Mitchell, though, left behind an extremely competent and ambitious team that continued working in his spirit. People like Grant Kvalheim, an American born in 1957 who specialized in bond issues. Seth Waugh, another American one year younger than Kvalheim, had been brought over from a hedge fund by Mitchell shortly before his death and was an expert on fixed-interest securities. Still another American, Thomas "Tommy" Gahan, born in 1961, had spent 11 years at Merrill Lynch where he had become a junk bond expert. And there was Anshuman "Anshu" Jain, a Brit who had been born in 1963 in Jaipur, India. A protégé of Mitchell's, Jain hung a portrait of his mentor in his office after his death. He once said that he would have "gone to the ends of the Earth" for Mitchell.
In 2001, Jain became Mitchell's successor as head of the Global Markets division and soon achieved superstar status. In February 2006, the Financial Times ran an admiring profile of Jain, who the paper called a "pioneer." Jain was 43 at the time and developed the trade in so-called derivatives. Today, derivatives are notorious for the role they played in the global financial crisis, but at the time they were only known to experts. Jain was completely at home in the alphabet soup of derivative abbreviations -- CDO, CDS, ABS, RMBS -- and his numbers made him to one of the best traders of the era. Deutsche Bank had him to thank for a growing balance sheet and huge profits -- and a rise in renown and glamor. The London trading division that Jain led was responsible for a considerable portion of the company's entire profit.
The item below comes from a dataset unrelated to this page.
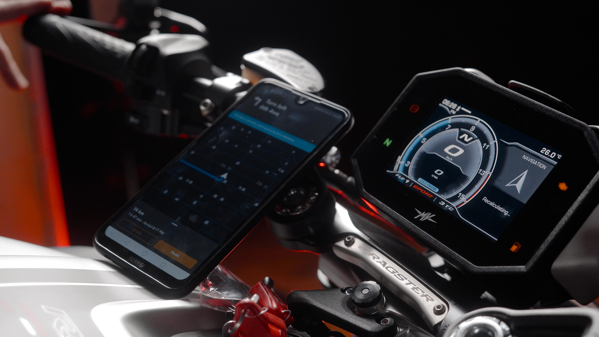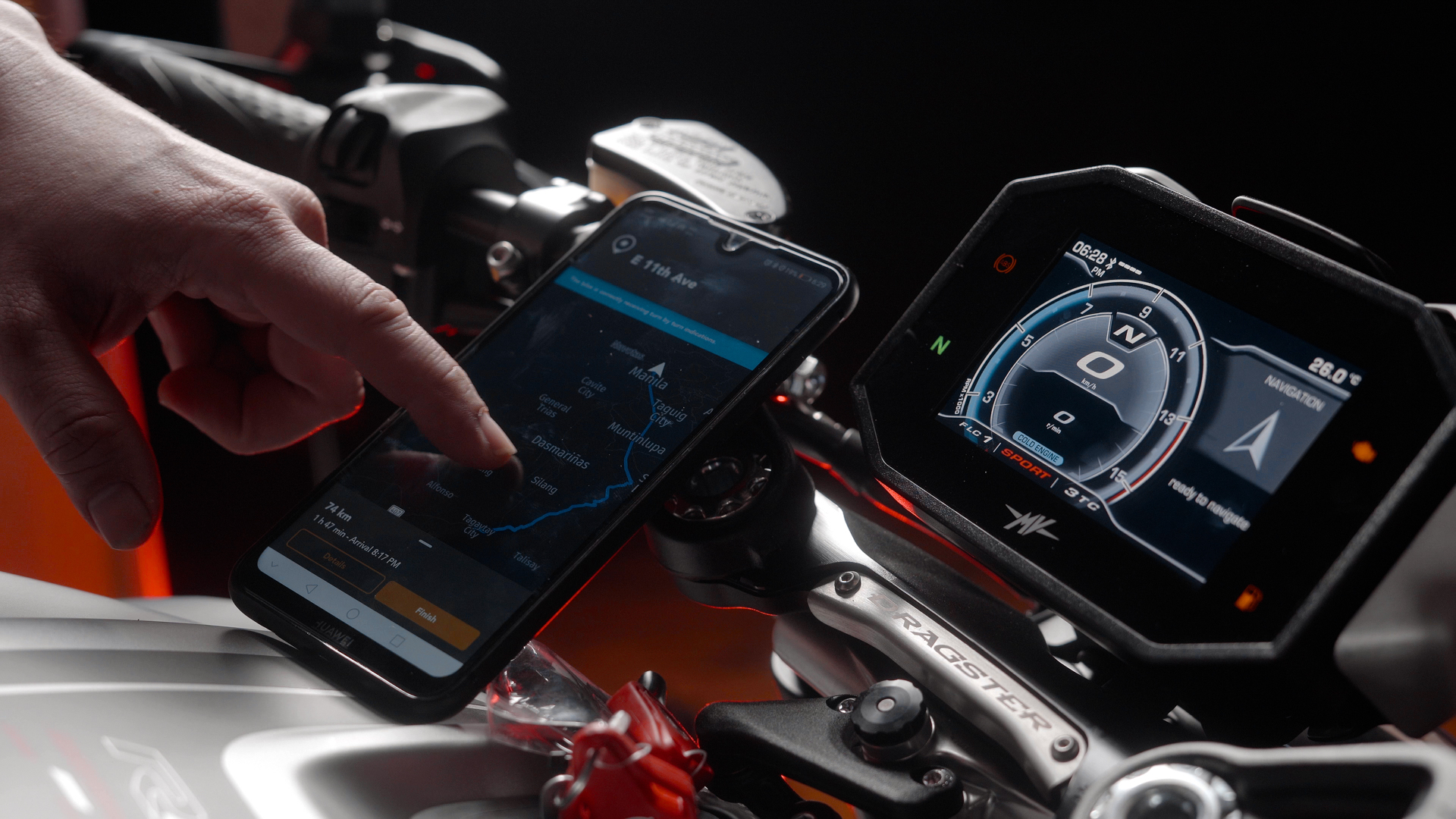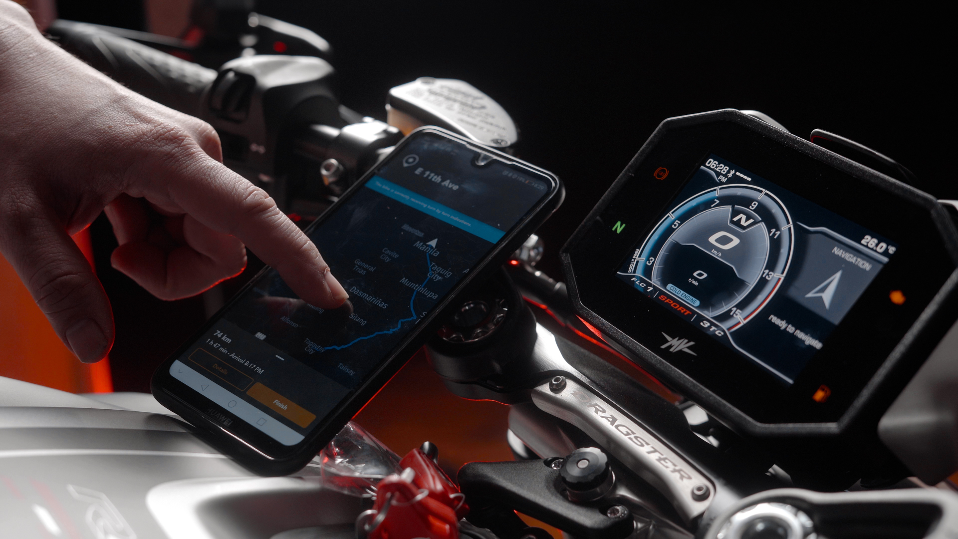 The management of Traction Control and ABS (with cornering function) is now precise and accurate. The FLC “Front Lift Control” is also based on MV Agusta’s philosophy, seeking to avoid compromising the excitement of sports riding while maintaining the high safety standards required of a modern sportbikes. There fore, the current front lift control does not prevent a wheelie, but manages and controls it offering the maximum acceleration and emotion. But it isn’t just “concealed” electronics that have made a generational leap – the ones right under the rider’s nose have also evolved radically. The new, 5.5” TFT dashboard makes a big impact. It is highly comprehensive and capable of communicating with the MV Ride App, which lets you personalise every aspect of the bike directly from your Smartphone, as well as offering the more “classic” features, like recording and sharing routes. The mirroring function also allows the dashboard to be used as a satnav unit with corner by corner directions. Every function can be accessed and navigated quickly via the new joystick control on the left-hand block.

Under Jain's leadership, Deutsche Bank climbed into fourth place in the global derivatives market, at a time when some had begun issuing dark warnings and others had left the field. The Basel-based Bank for International Settlements, often referred to as the central bank of central banks, warned against the new tools being used to spread risk. But Jain was unconcerned, as were Financial Times reporters. The London-based paper quoted analysts who said that Jain was "top-notch" and had "proved he can walk on water."
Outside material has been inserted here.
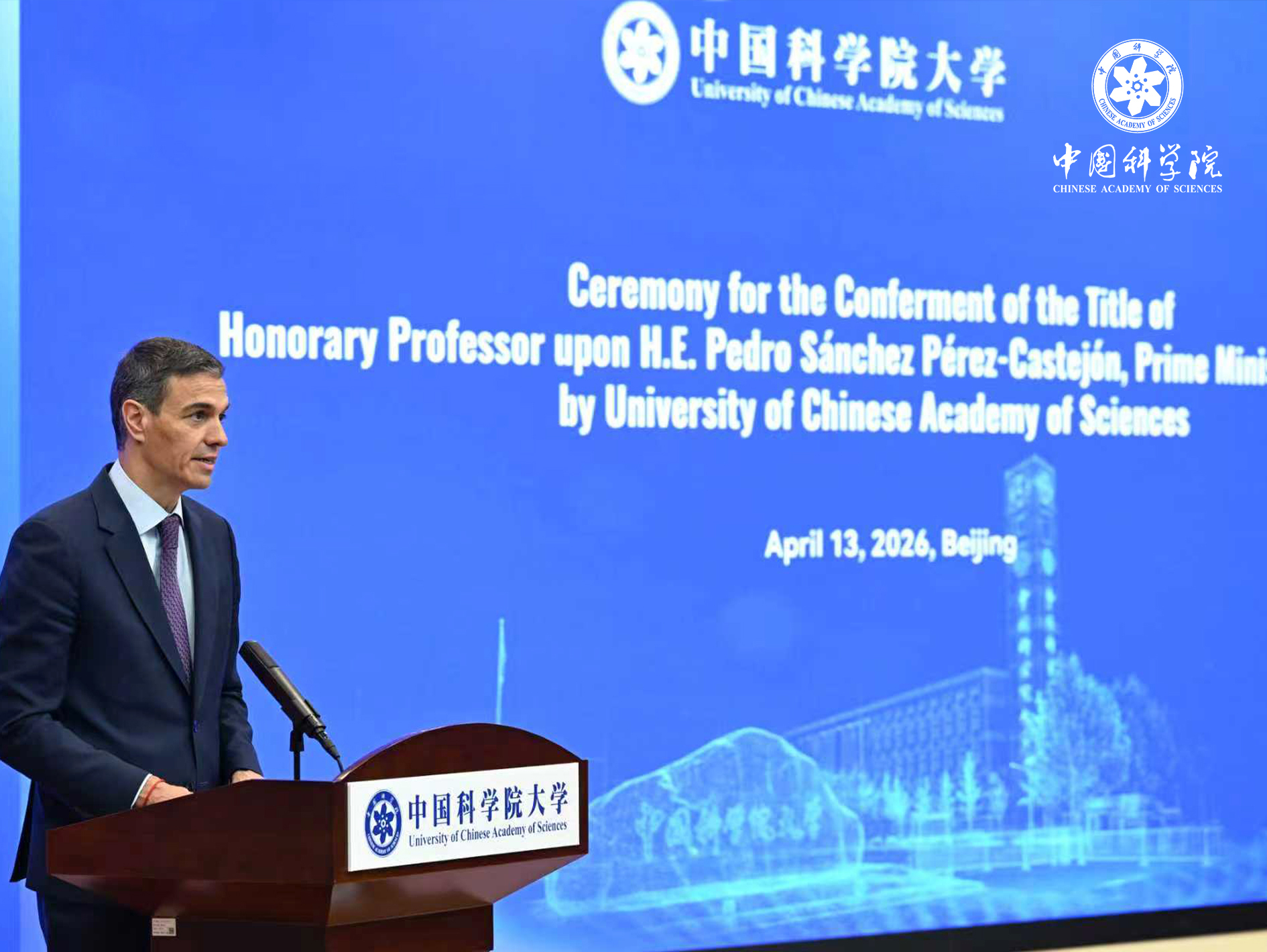Spanish PM Pedro Sánchez (C) receives honorary professorship from UCAS, April 13, 2026. (Image by CAS)
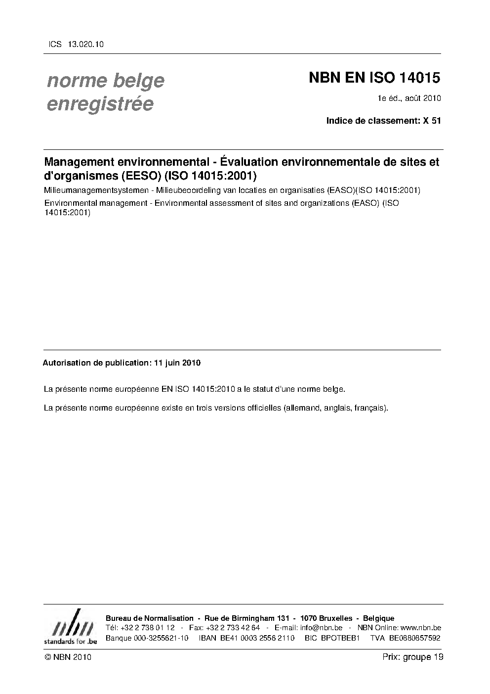 | Publisher | Bureau de Normalisation Belge (NBN) |

Other Mitchell protégés also did well at Deutsche Bank: Michael Philipp, William Broeksmit and Henry Ritchotte, all from the United States. They were joined by Colin Fan, a Canadian with Chinese parents who was born in 1973 and went to Harvard. He was considered a "child prodigy," though he was later brought down as a result of questionable business practices. These traders represented the new face of Deutsche Bank.
Nobody mattered much anymore except for the Americans and the Brits. The old structures, which had stood in good stead for almost a century, had been trampled. The Müllers, Meiers and Schulzes, the branch managers in Düsseldorf and Stuttgart, the former stars of the Deutsche Bank empire, they were no longer valued. Their loan portfolios, still as full as ever, were mocked as antiquated.
And the peeved inquiries from provincial Germany regarding the huge sums being earned by the new guard were ignored. Was it true that Edson Mitchell earned $30 million a year? Could it really be true that in the 2000s, half of all profits, hundreds of millions of euros, ended up as bonuses in the pockets of the super-traders? Did they really earn more than any of the board members in Frankfurt?
And why did management insist on flying Kylie Minogue to the annual investor conference in Barcelona? And the Rolling Stones? Why did Ackermann spend hundreds of thousands of dollars to rent out the entire Kennedy Center in New York and treat invited guests to a show involving the best opera stars of the day? Was that really necessary for the bank's core business?